Raymond finally left the station at seven minutes after three. His shirt was stuck to his back with sweat and he could smell his armpits and his crotch with every movement, every step. Underneath the tangle of hair, his scalp itched. Pain reverberated, sharp and insistent, beneath his right temple, causing his eye to blink.

On and on they had gone at him, mostly the man, but the woman chipping in too, all the same questions, again and again. Gloria, Gloria. How well had he known her? When he said that he watched her, what did he mean? Perhaps he used to babysit? Help her grandmother with her shopping? Do odd jobs? Collect Gloria sometimes from school? How well would he say he knew her? The mother? Gloria. Would he, for instance, describe her as a friend? Daft! How could some kid of six be his friend? All right, then, Raymond, what was she? You tell us.

He wanted to go home and wash. Take a long bath, slow. He wanted something cold to drink. He bought a can of Ribena from the cob shop over the road and walked back across Derby Road to drink it, sitting with his back against the wall of the insurance offices.

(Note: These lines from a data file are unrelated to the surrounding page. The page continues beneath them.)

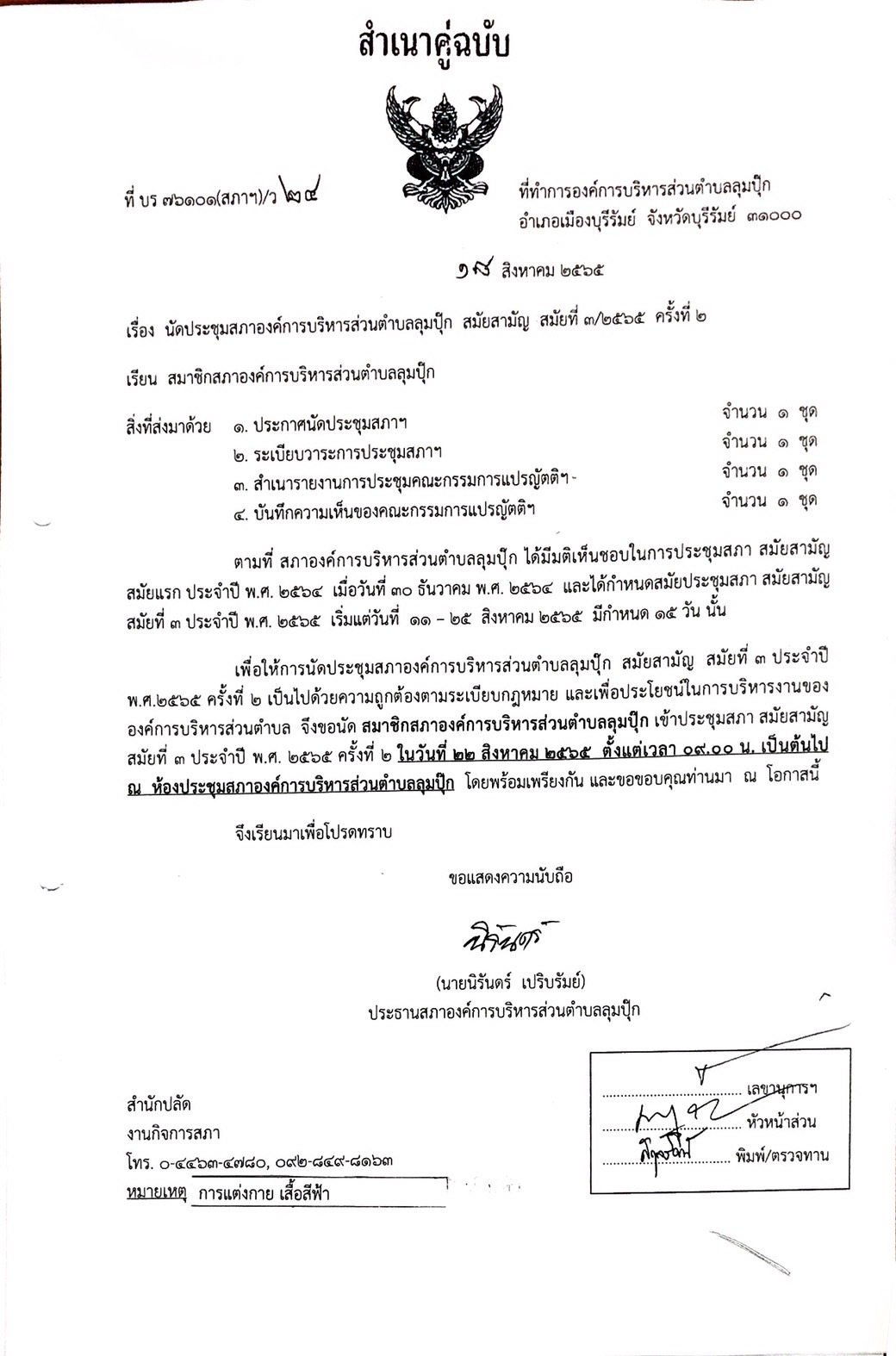 นัดประชุมสภา อบต.ลุมปุ๊ก สมัยสามัญ สมัยที่ 3/2565 ครั้งที่ 2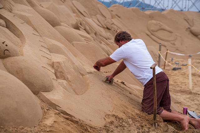 科普一下,沙雕是一种雕刻艺术,只是雕刻的东西比较特别,沙!可以说,他是融雕塑、绘画和娱乐一体的艺术,在现场我们能看到很多外国人正在雕刻,他们将沙堆凝固以后雕刻出一幅一幅的动画人物。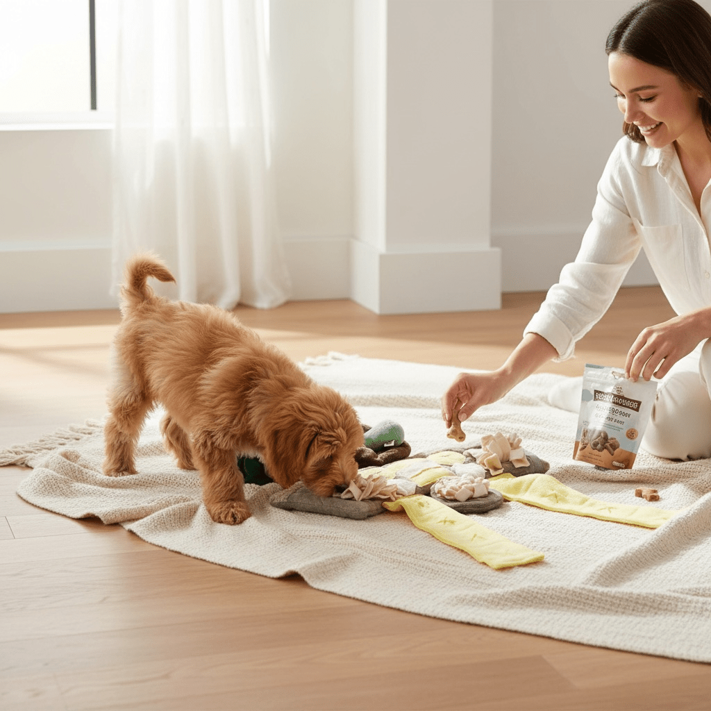 Mental aktivering hjælper hunden med at slappe af, øger koncentrationen og giver ro – uanset om den er ny i snusetræning eller allerede erfaren.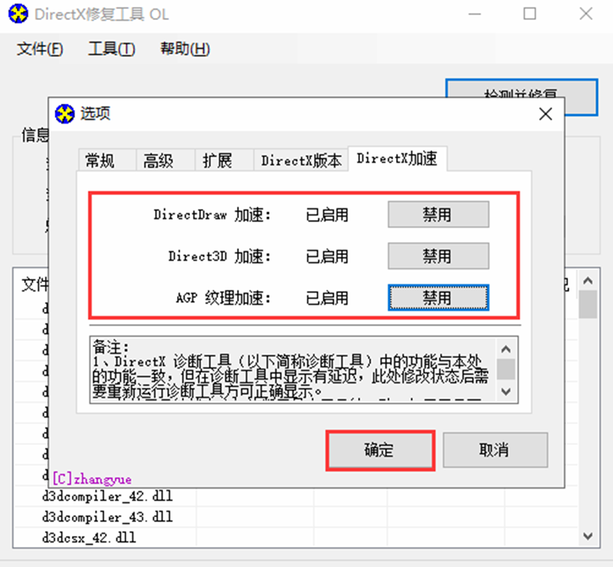 下载安装后打开DirectX检测修复工具,选择检测并修复即可进行修复,左键点击【工具】--【选项】,点击【DirectX加速】,启用所有已被禁用或不可用的加速,点【确定】

She was a kid he’d noticed first through the shock of fair hair that seemed, more often than not, to spring from her head in all directions. Blue, blue eyes. Like a doll’s. Raymond wondered why he’d thought that? Never had a sister, never had a doll in his life. Handled one: held it. Once he’d spotted her-running along the street towards him, lolly waving in her hand, her nan, her mum he’d thought it was then, calling, “Be careful, be careful! Oh, for goodness’ sake do be careful. Oh, look what you’ve done. Just look at you now.”-he seemed to see her everywhere he looked. In the Chinese chippy, on the rec, waiting at the bus stop with a hand in her nan’s, swinging from it and kicking out this leg and then that, never still. One day he realized that if he angled his head from the window at a certain angle he could see one corner of the school playground. Gloria with all her little friends, laughing and shouting, playing games, skipping, two-ball, kiss chase.